* THE TASK *
From the records that follow, return exactly the lines beginning at the one that contains "10月中旬猪价降至相对低位后" and ending at the one that contains "농협은행 서비스를 이용하려면", pictures left out.

* SUPPLIED DATA *
□ □ □ □ □ □ □
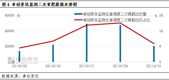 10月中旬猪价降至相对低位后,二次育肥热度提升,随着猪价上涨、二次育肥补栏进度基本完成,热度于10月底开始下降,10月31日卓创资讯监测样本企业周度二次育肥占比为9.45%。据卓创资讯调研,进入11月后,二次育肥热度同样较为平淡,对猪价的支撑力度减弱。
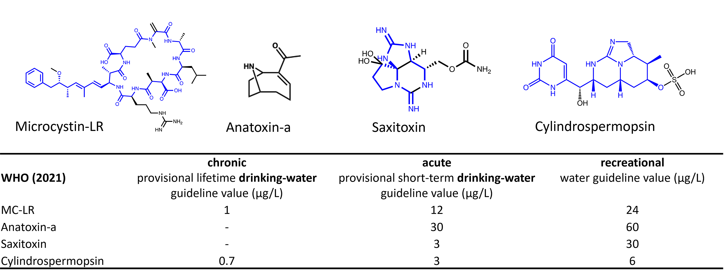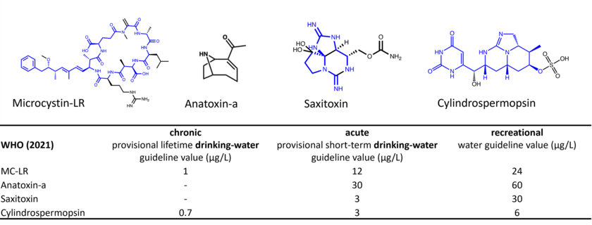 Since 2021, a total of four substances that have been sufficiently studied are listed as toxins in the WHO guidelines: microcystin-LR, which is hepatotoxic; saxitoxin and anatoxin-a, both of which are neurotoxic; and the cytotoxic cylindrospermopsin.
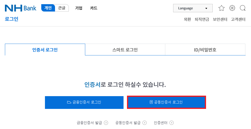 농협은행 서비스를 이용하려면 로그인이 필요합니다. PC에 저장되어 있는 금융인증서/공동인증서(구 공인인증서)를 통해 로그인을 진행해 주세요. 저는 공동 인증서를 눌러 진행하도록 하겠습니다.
□ □ □ □ □ □ □
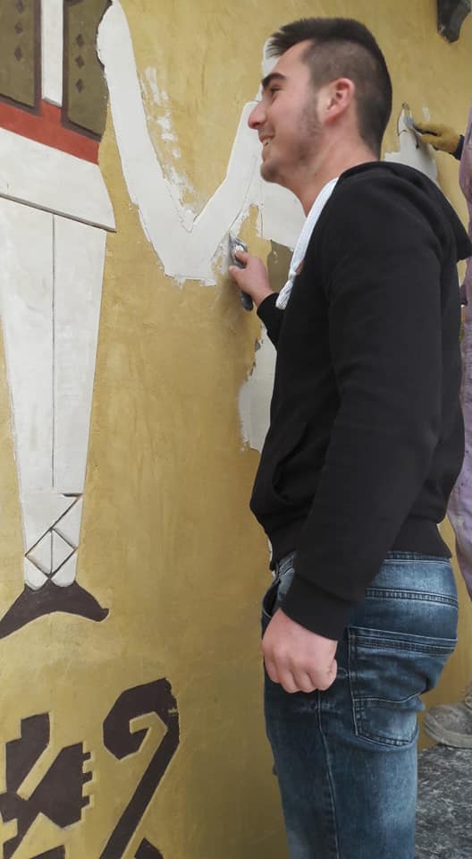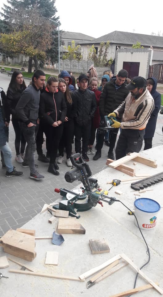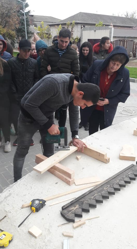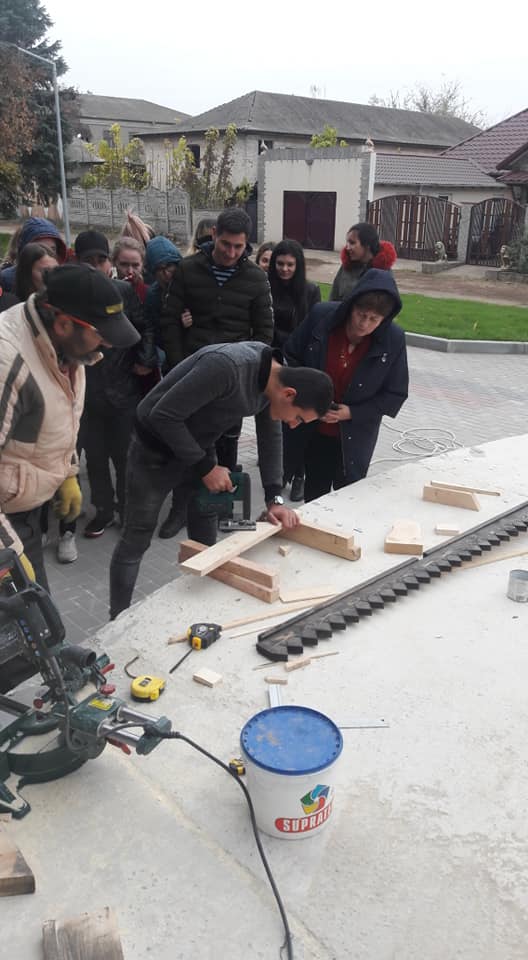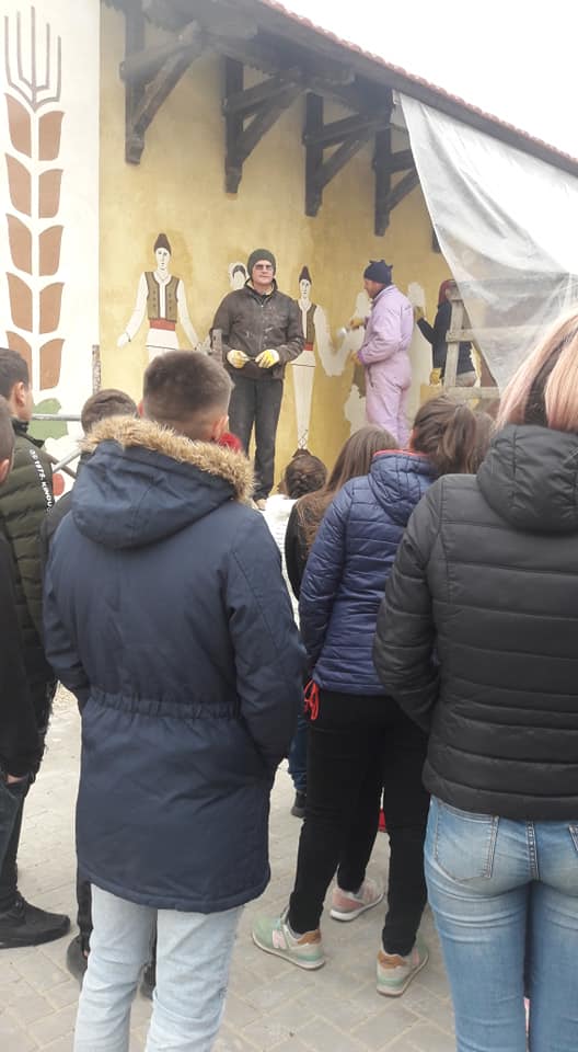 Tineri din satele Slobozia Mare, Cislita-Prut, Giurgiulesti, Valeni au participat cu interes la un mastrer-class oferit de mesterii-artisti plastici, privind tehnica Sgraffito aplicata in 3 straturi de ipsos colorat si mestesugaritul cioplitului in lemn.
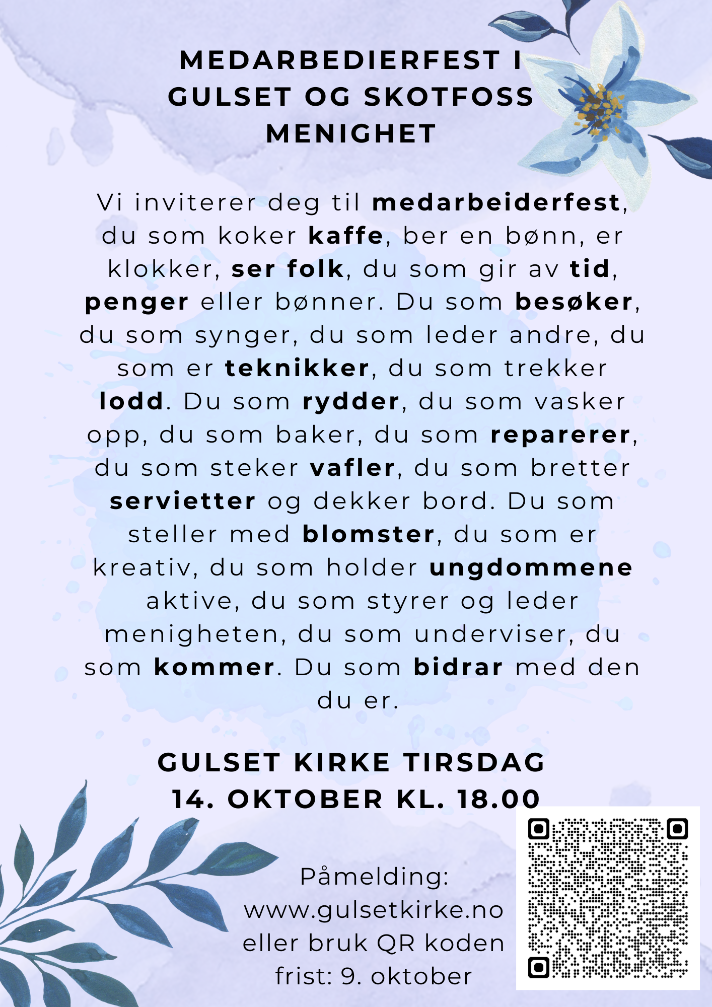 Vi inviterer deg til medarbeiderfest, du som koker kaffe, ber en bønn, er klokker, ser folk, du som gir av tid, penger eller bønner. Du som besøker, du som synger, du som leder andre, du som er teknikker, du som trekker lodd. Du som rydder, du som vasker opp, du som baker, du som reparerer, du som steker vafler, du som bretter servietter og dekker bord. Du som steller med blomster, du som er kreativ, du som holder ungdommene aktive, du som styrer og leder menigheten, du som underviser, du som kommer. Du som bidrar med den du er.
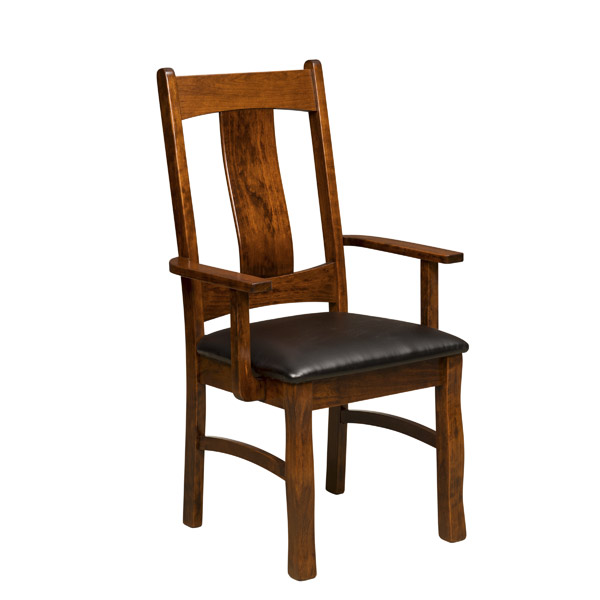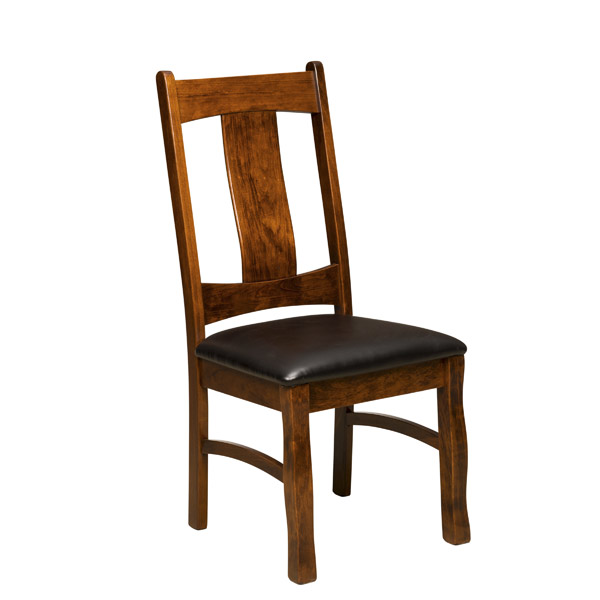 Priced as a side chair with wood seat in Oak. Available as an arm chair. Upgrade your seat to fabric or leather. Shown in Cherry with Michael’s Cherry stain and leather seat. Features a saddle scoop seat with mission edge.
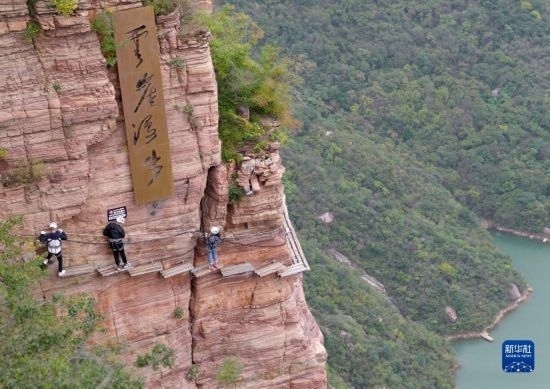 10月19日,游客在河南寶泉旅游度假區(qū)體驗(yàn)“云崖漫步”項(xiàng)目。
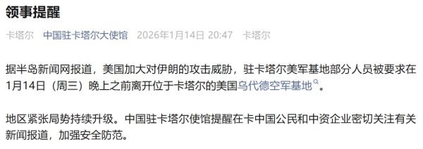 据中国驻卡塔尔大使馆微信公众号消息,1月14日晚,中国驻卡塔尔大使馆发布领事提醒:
□ □ □ □ □ □ □
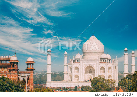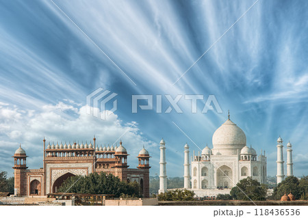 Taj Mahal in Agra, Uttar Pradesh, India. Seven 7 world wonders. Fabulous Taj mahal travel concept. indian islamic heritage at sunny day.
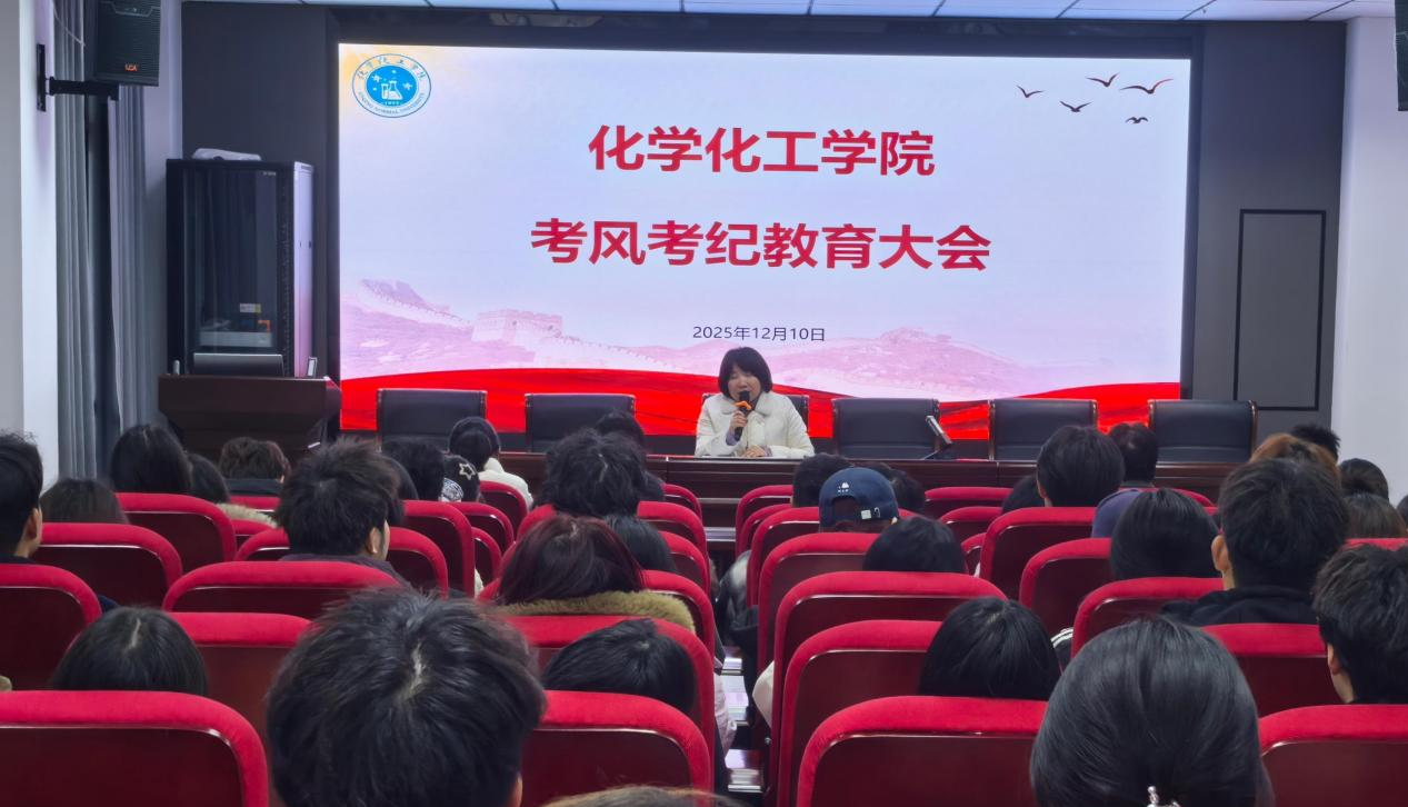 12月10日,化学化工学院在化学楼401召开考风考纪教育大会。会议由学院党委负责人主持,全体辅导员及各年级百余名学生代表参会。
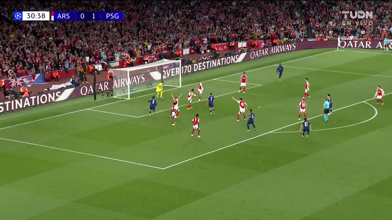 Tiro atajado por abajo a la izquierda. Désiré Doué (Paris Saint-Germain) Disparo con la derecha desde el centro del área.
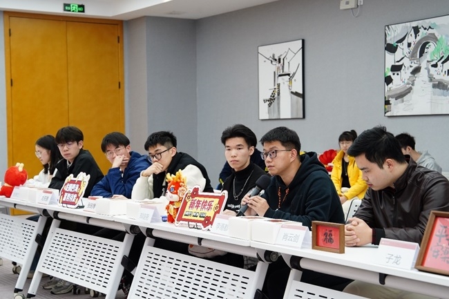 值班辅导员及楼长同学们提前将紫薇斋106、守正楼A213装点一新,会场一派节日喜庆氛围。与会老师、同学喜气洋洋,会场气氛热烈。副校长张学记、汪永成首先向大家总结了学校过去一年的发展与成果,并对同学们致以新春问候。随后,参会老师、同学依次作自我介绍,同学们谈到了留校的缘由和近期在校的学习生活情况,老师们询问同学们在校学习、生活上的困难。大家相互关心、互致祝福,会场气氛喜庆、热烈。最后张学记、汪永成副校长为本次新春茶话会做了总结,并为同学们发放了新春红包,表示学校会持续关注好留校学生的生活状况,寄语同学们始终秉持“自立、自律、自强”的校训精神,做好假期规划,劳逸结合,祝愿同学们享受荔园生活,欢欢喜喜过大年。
□ □ □ □ □ □ □
* REPLY *
 10月中旬猪价降至相对低位后,二次育肥热度提升,随着猪价上涨、二次育肥补栏进度基本完成,热度于10月底开始下降,10月31日卓创资讯监测样本企业周度二次育肥占比为9.45%。据卓创资讯调研,进入11月后,二次育肥热度同样较为平淡,对猪价的支撑力度减弱。
 Since 2021, a total of four substances that have been sufficiently studied are listed as toxins in the WHO guidelines: microcystin-LR, which is hepatotoxic; saxitoxin and anatoxin-a, both of which are neurotoxic; and the cytotoxic cylindrospermopsin.
 농협은행 서비스를 이용하려면 로그인이 필요합니다. PC에 저장되어 있는 금융인증서/공동인증서(구 공인인증서)를 통해 로그인을 진행해 주세요. 저는 공동 인증서를 눌러 진행하도록 하겠습니다.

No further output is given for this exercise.